The panel wants to eliminate the much-hated alternative minimum tax. One major panel proposal for replacing the lost AMT revenue would put sharp limits on use of the home mortgage interest deduction. Many of the media questions at today's hearing focused on questions about the deductibility of mortgage interest.
The proposals also could have a huge effect on the life insurance, annuity, health insurance and employee benefits industries.
The Save for Retirement Account would "replace existing IRAs, Roth IRAs, Nondeductible IRAs, deferred executive compensation plans, and tax-free 'inside buildup' of the cash value of life insurance and annuities," the panel writes on page 119 of its report.
Today, the panel notes on page 123 of its report, "some life insurance policies and annuities allow for nearly unlimited tax-free savings. Currently, there is no taxable income until the policy is cashed in, even though the policyholder is receiving the benefit of increases or 'inside buildup' in the value of the policy or annuity.
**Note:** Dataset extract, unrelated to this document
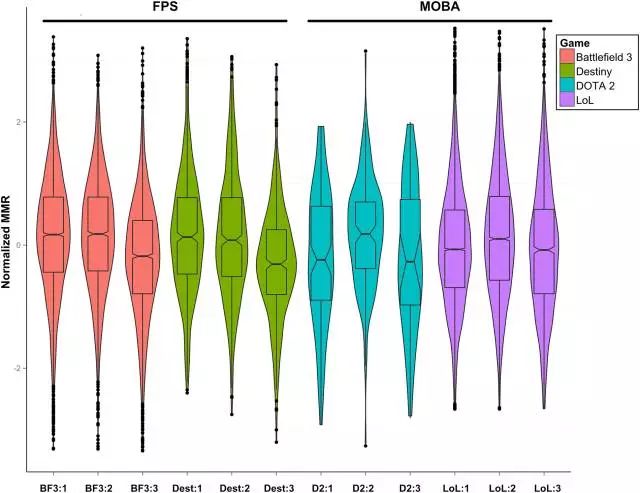 第二项研究则分析了来自四款游戏的大量数据,包括两款 MOBA 游戏《英雄联盟》、《DOTA 2》,以及两款FPS游戏《命运》和《战地风云3》。研究人员分析了包含数千玩家的数据集,发现在MOBA 游戏的玩家中,随着年龄的增长,他们的游戏表现和 IQ 的变化趋势是类似的。在 FPS 类游戏中,则不存在类似的情况,FPS 游戏中玩家的游戏水平在青少年时期后就开始下降。

In addition, withdrawals from policies are tax-favored."
If the "Simplified Income Tax Plan," a proposal that would create a streamlined version of the current tax system, were adopted, "the increase in the value of those policies would be treated as current income, and therefore would be subject to tax on an annual basis, just like a savings account," the panel writes.
But the panel says consumers could use cash in tax-deferred Save for Retirement Accounts and Save for Family Accounts to buy products such as whole-life insurance policies and deferred annuities.
"Products that cannot be cashed out and annuities that provide regular, periodic payouts of substantially equal amounts until the death of the holder (known as lifetime annuities) would not be taxed on an inside build-up, the same treatment as under current law," the panel writes.
The panel goes on to observe that the Simplified Income Tax Plan would eliminate executives' ability to save through executive deferred compensation plans.
The proposal would grandfather in existing life insurance policies, annuities and deferred compensation plans.
The Save for Retirement Accounts would be available for all taxpayers and have an annual contribution limit of $10,000.
Like the proposed "SRAs," the proposed SFAs would have an annual contribution limit of $10,000.
All taxpayers would be able to use pre-tax dollars to purchase health insurance coverage, but with a limit of the amount of the average premium, which the panel estimated at $5,000 for individuals and $11,500 for families.